→ Data supplied

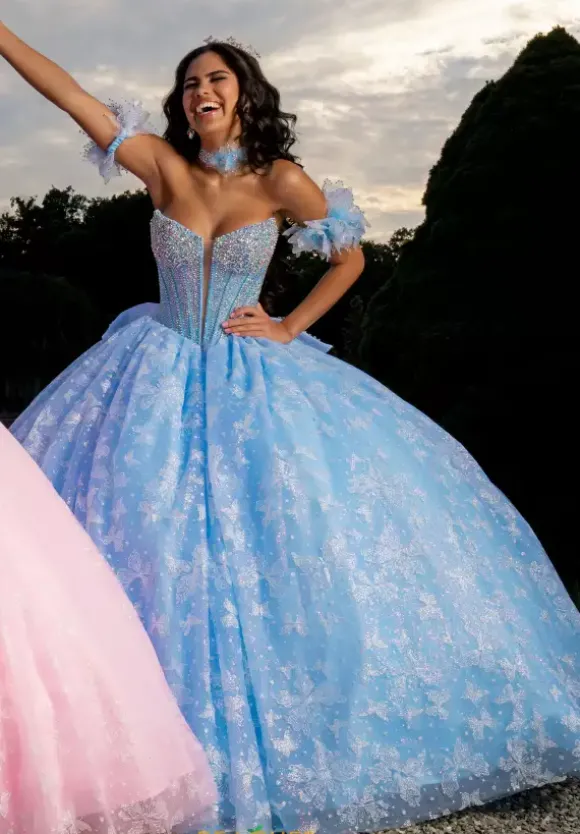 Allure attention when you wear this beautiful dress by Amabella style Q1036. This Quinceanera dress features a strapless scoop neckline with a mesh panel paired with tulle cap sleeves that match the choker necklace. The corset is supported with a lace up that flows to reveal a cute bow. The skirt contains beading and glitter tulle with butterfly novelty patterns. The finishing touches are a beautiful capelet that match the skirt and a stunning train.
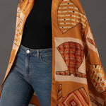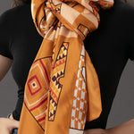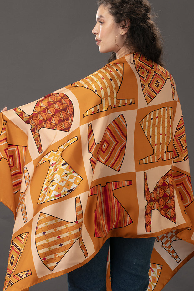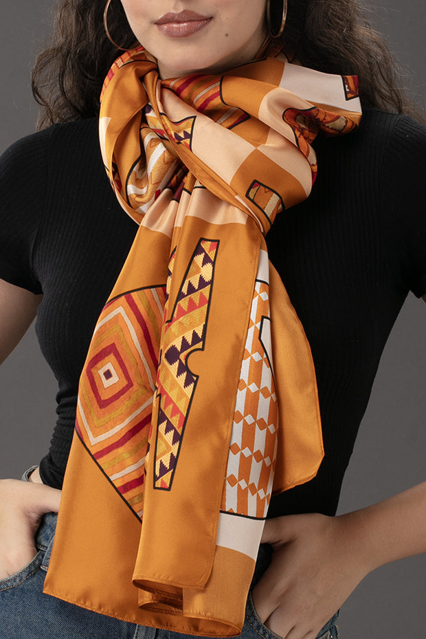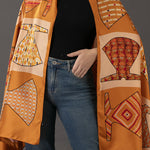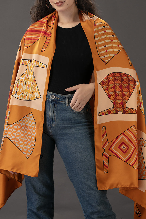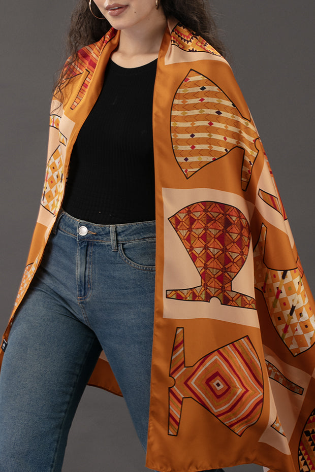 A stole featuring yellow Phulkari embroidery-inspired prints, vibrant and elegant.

---

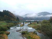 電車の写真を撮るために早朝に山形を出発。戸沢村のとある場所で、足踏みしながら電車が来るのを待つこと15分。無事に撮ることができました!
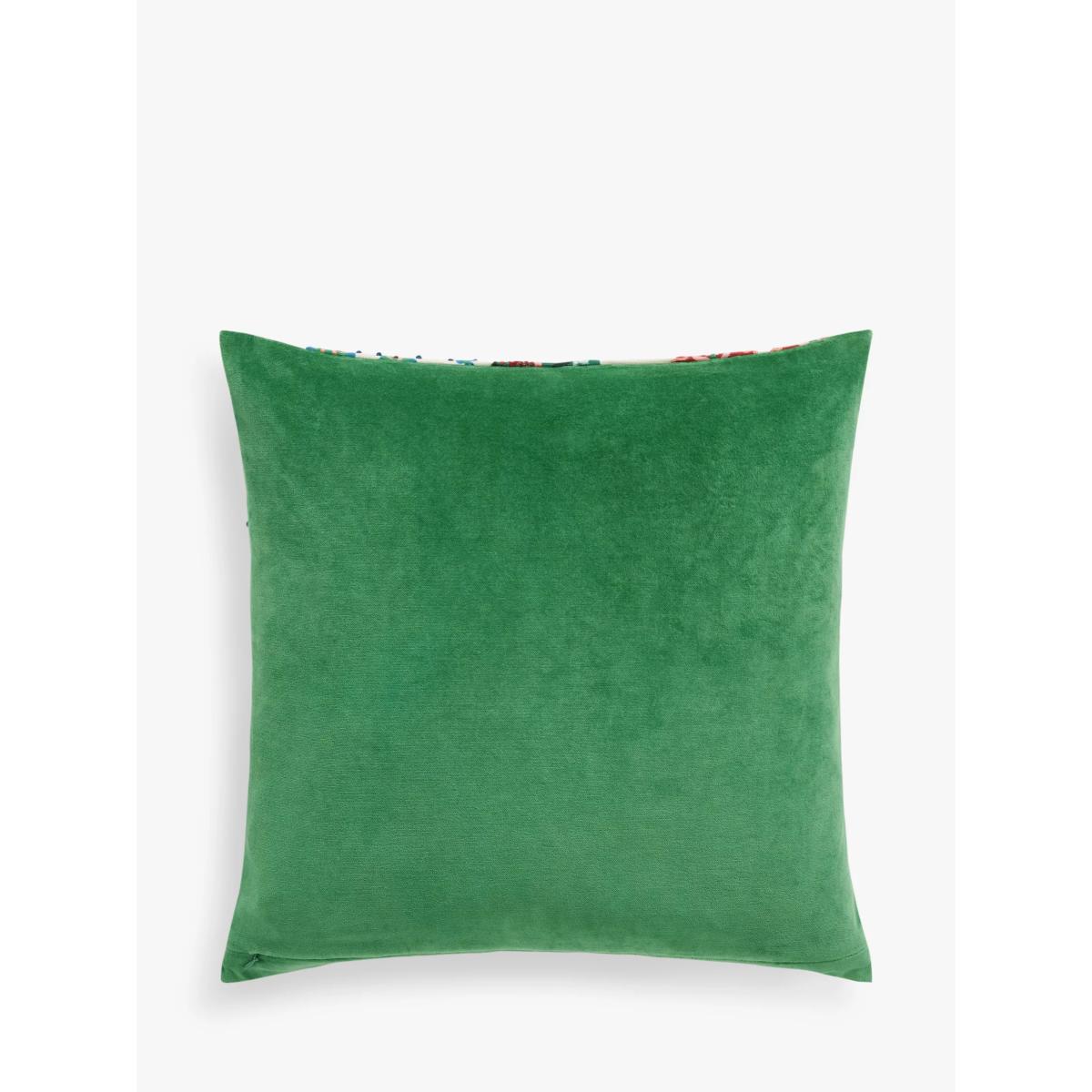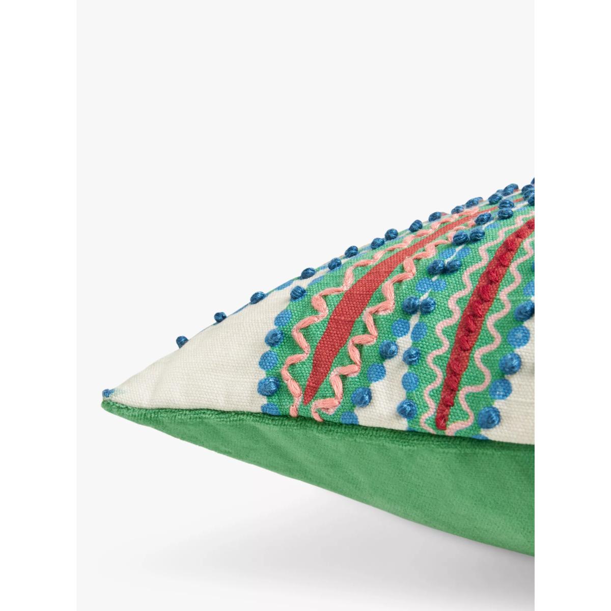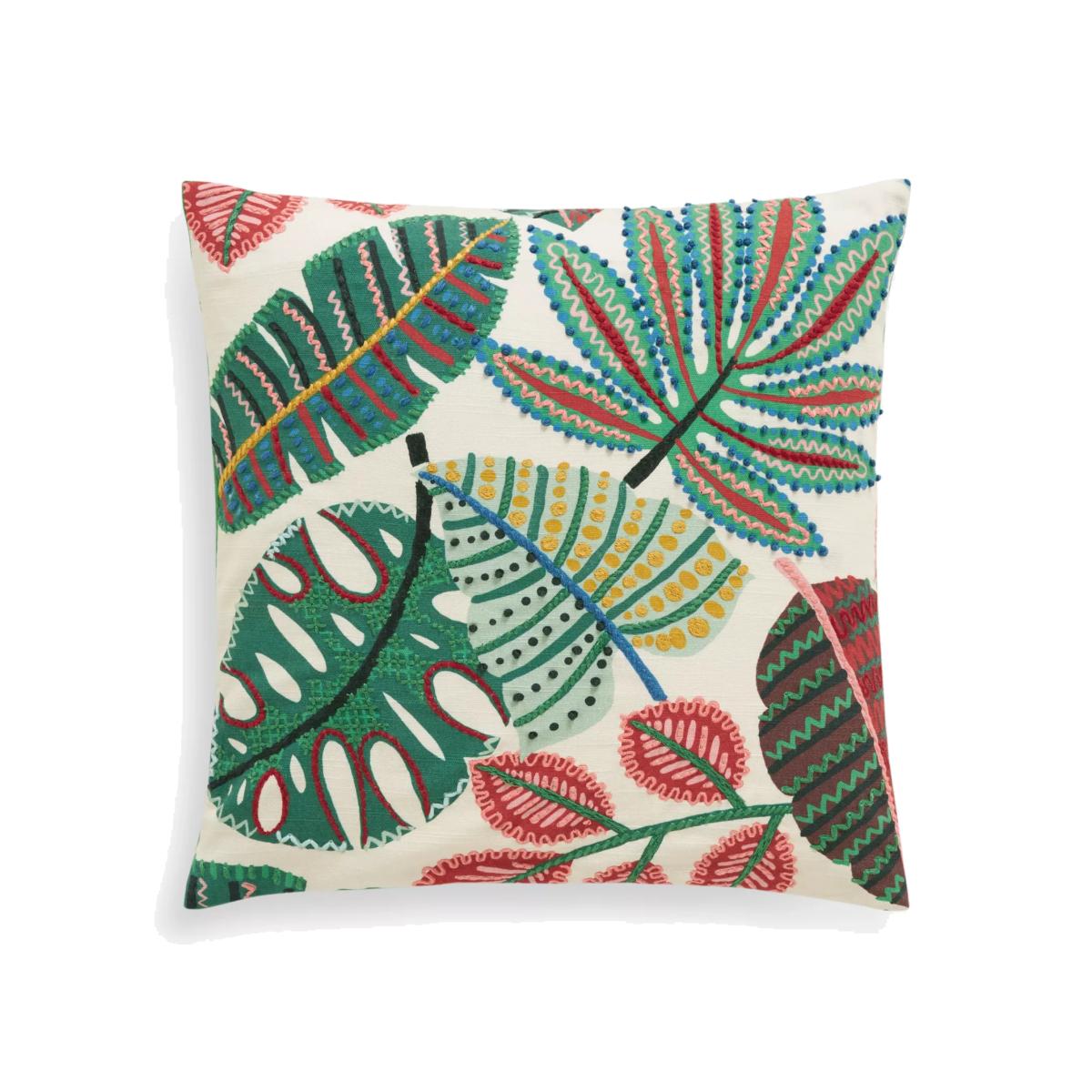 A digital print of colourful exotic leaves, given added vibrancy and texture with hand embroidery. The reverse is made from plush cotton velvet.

→ Work task
Copy word for word the lines of the records above from the one with "電車の写真を撮るために早朝に" up to and including the one with "A digital print". Skip the pictures.

→ Exercise solution
 電車の写真を撮るために早朝に山形を出発。戸沢村のとある場所で、足踏みしながら電車が来るのを待つこと15分。無事に撮ることができました!
 A digital print of colourful exotic leaves, given added vibrancy and texture with hand embroidery. The reverse is made from plush cotton velvet.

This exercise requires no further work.